**Assignment:** Return the data below in full. Keep each character unchanged.
━━━━━ Records supplied ━━━━━
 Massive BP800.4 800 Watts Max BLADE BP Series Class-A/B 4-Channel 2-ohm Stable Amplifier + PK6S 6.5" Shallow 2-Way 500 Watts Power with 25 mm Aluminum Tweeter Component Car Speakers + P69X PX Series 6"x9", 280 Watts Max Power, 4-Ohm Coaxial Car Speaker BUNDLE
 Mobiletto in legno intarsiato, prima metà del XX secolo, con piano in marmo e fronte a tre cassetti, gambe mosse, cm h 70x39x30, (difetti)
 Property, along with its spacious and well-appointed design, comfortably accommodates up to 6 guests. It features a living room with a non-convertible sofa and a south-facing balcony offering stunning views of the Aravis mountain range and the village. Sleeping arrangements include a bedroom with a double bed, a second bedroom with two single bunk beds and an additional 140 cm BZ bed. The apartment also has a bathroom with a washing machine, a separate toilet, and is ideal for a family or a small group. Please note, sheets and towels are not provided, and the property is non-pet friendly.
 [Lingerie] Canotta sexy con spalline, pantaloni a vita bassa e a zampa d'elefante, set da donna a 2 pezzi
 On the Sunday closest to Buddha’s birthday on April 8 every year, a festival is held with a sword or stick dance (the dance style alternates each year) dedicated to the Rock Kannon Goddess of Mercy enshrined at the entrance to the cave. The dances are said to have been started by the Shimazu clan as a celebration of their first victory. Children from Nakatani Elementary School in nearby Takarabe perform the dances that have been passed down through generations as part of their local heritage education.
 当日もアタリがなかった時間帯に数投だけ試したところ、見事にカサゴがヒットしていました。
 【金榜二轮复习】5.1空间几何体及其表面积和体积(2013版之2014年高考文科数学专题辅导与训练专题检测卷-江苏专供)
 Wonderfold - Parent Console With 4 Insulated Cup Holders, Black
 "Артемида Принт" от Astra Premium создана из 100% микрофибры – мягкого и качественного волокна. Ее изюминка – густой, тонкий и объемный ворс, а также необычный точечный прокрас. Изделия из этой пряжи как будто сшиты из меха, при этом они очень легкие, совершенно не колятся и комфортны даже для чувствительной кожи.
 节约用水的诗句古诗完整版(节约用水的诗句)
━━━━━
**Solution to this exercise:**
 Massive BP800.4 800 Watts Max BLADE BP Series Class-A/B 4-Channel 2-ohm Stable Amplifier + PK6S 6.5" Shallow 2-Way 500 Watts Power with 25 mm Aluminum Tweeter Component Car Speakers + P69X PX Series 6"x9", 280 Watts Max Power, 4-Ohm Coaxial Car Speaker BUNDLE
 Mobiletto in legno intarsiato, prima metà del XX secolo, con piano in marmo e fronte a tre cassetti, gambe mosse, cm h 70x39x30, (difetti)
 Property, along with its spacious and well-appointed design, comfortably accommodates up to 6 guests. It features a living room with a non-convertible sofa and a south-facing balcony offering stunning views of the Aravis mountain range and the village. Sleeping arrangements include a bedroom with a double bed, a second bedroom with two single bunk beds and an additional 140 cm BZ bed. The apartment also has a bathroom with a washing machine, a separate toilet, and is ideal for a family or a small group. Please note, sheets and towels are not provided, and the property is non-pet friendly.
 [Lingerie] Canotta sexy con spalline, pantaloni a vita bassa e a zampa d'elefante, set da donna a 2 pezzi
 On the Sunday closest to Buddha’s birthday on April 8 every year, a festival is held with a sword or stick dance (the dance style alternates each year) dedicated to the Rock Kannon Goddess of Mercy enshrined at the entrance to the cave. The dances are said to have been started by the Shimazu clan as a celebration of their first victory. Children from Nakatani Elementary School in nearby Takarabe perform the dances that have been passed down through generations as part of their local heritage education.
 当日もアタリがなかった時間帯に数投だけ試したところ、見事にカサゴがヒットしていました。
 【金榜二轮复习】5.1空间几何体及其表面积和体积(2013版之2014年高考文科数学专题辅导与训练专题检测卷-江苏专供)
 Wonderfold - Parent Console With 4 Insulated Cup Holders, Black
 "Артемида Принт" от Astra Premium создана из 100% микрофибры – мягкого и качественного волокна. Ее изюминка – густой, тонкий и объемный ворс, а также необычный точечный прокрас. Изделия из этой пряжи как будто сшиты из меха, при этом они очень легкие, совершенно не колятся и комфортны даже для чувствительной кожи.
 节约用水的诗句古诗完整版(节约用水的诗句)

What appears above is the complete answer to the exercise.